Оставшись один, доктор сел писать эпикриз к истории болезни, и из-за приоткрытой двери зазвучало негромкое: «Хазбулат удалой! Бедна сакля твоя; золотою казной я осыплю тебя»…
О галлюцинациях и двойных стандартах
Цифры официальной статистики, как бы это выразиться помягче… не всегда отражают реальное положение дел. Общее представление – да, дают. Порою, правда, уж очень общее, вроде средней температуры по больнице или годовых доходов депутатов и политиков.
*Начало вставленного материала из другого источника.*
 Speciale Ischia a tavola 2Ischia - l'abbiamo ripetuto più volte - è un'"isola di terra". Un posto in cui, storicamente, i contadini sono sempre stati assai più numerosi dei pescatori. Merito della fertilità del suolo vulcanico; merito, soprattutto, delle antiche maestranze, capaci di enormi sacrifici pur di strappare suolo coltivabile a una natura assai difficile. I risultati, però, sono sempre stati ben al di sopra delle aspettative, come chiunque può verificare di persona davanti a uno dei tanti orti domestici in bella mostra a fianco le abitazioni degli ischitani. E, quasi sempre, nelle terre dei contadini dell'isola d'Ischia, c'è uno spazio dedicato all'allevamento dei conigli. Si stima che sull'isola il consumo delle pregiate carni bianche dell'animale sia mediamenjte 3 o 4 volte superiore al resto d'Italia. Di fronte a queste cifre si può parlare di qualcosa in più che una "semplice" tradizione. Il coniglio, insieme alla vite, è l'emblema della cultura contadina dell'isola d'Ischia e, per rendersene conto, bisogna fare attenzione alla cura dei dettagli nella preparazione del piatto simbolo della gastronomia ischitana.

Примерно так же обстоят дела и с цифрами в психиатрии: сколько заболело, сколько обратилось… заболеть-то оно, может, и заболело, а вот насчет того, чтобы обратилось, – тут возможны варианты.
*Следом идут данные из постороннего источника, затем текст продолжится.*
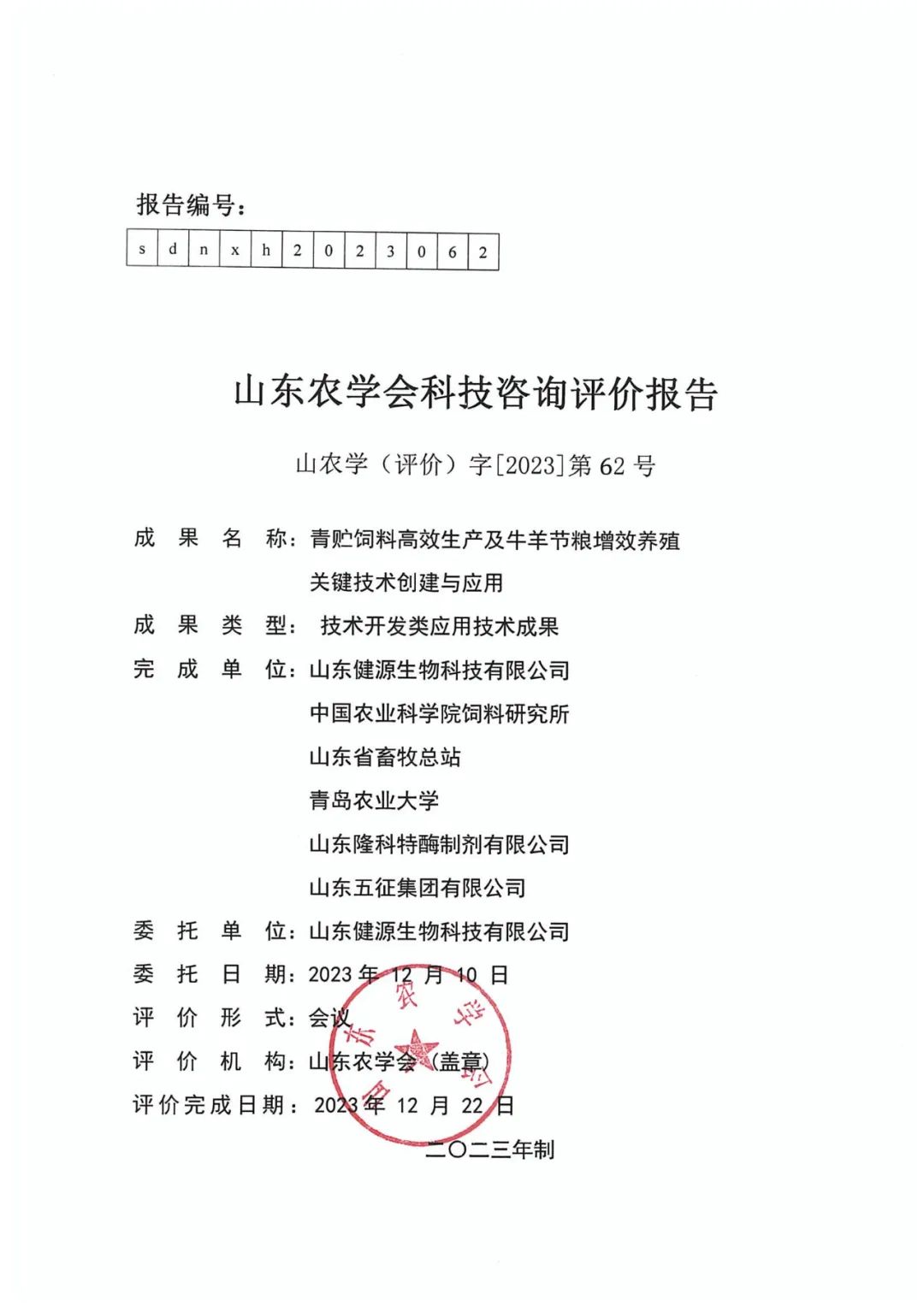 2023年12月22日,由山東健源生物科技有限公司聯(lián)合中國農(nóng)業(yè)科學院飼料研究所、山東省畜牧總站、青島農(nóng)業(yè)大學、山東五征集團有限公司、山東隆科特酶制劑有限公司完成的“飼草料高效生產(chǎn)及節(jié)糧增效養(yǎng)殖關鍵技術創(chuàng)建與應用”項目順利通過了科技成果評價。

Коллега тут однажды смотрела пациентку, которую привел на прием супруг – мол, пора бы вам, товарищи психиатры, обратить внимание, выказать почтение, назначить лечение… Да, согласилась доктор, давно бы уже пора. Галлюцинации-то у уважаемой Тамары Борисовны, как вы сами говорите, уже года три или четыре, а вы ее только сейчас показать изволили. Что же так долго тянули кота за то, что ветеринар обычно ампутирует?
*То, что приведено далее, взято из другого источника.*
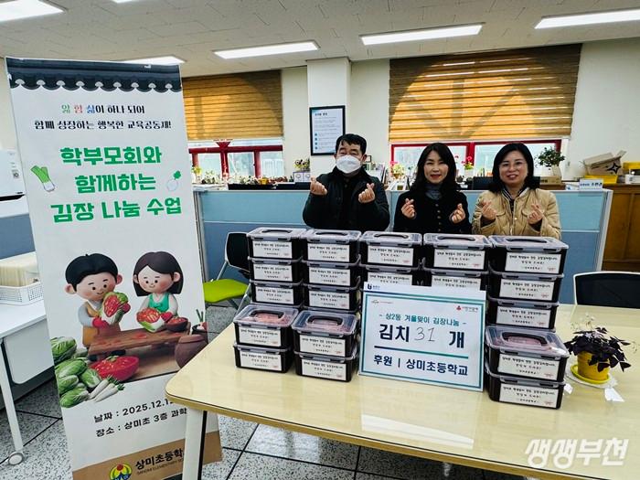 부천시 원미구 상2동(동장 이승식)은 지난 12일 상미초등학교(교장 심은영)가 김장김치 31개를 인근 경로당 및 어려운 이웃에 전달했다고 밝혔다.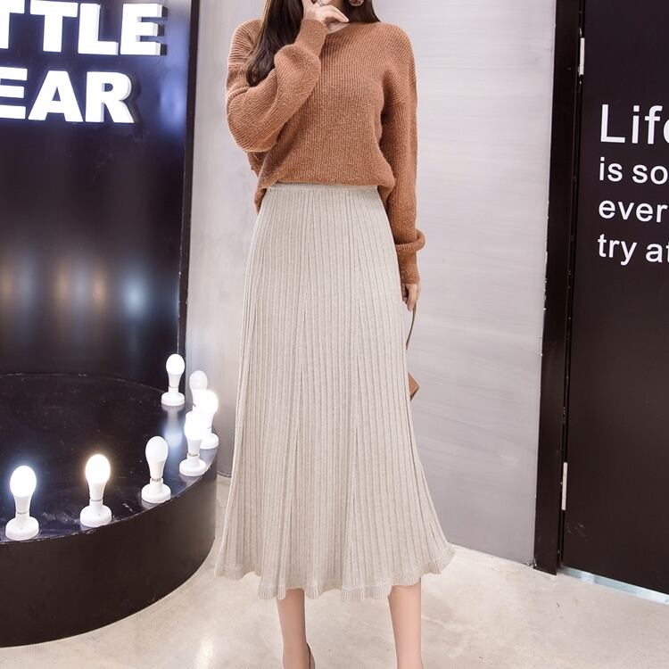 全4色 ミモレ丈 プリーツスカート ロングスカート カジュアル キレイめ シンプル ゴムウエスト お出かけ デート お買い物 女子会 オフィス 春 夏 秋 冬

Да как-то оно не сильно-то и мешало, пожал плечами супруг. Ну, стала она мне жаловаться – дескать, ночами в квартире кровища хлещет, люди какие-то приходят, друг дружку режут, рубят, пилят, по квартире потом расчлененка валяется – где голова, где руки-ноги, где печенка…
– В холодильнике, – подсказала дама.
– Что? – не понял супруг.
– В холодильнике, говорю, печенка, – пояснила она. – Головы обычно на подоконнике, руки в шкафу, ноги в прихожей, возле обувной тумбы. А печенка – в холодильнике. Сердца тоже.
Ну вот, продолжал он свой рассказ, стала она мне про это рассказывать. Ну, думаю, с кем не бывает, чего только ночью не привидится.
– Так днем же остается, – снова включилась в беседу дама. – Тебе-то, может быть, оно и ладно, так ведь мне же убирать.
– Зато в квартире всегда идеальный порядок, – парировал супруг.
– После уборки-то конечно, – развела руками дама. – Головы на подоконнике в ряд, ручки-ножки в шкафах по полочкам. А пока полы от кровищи отмоешь…
– Вот я и говорю – идеально чисто, – быстренько свернул тему супруг.
– Нет, я поняла уже, что у вас там своеобразная идиллия и пастораль с колбасным цехом посреди пейзажа, – вклинилась в беседу доктор. – Но если все было так хорошо, отчего надумали обратиться?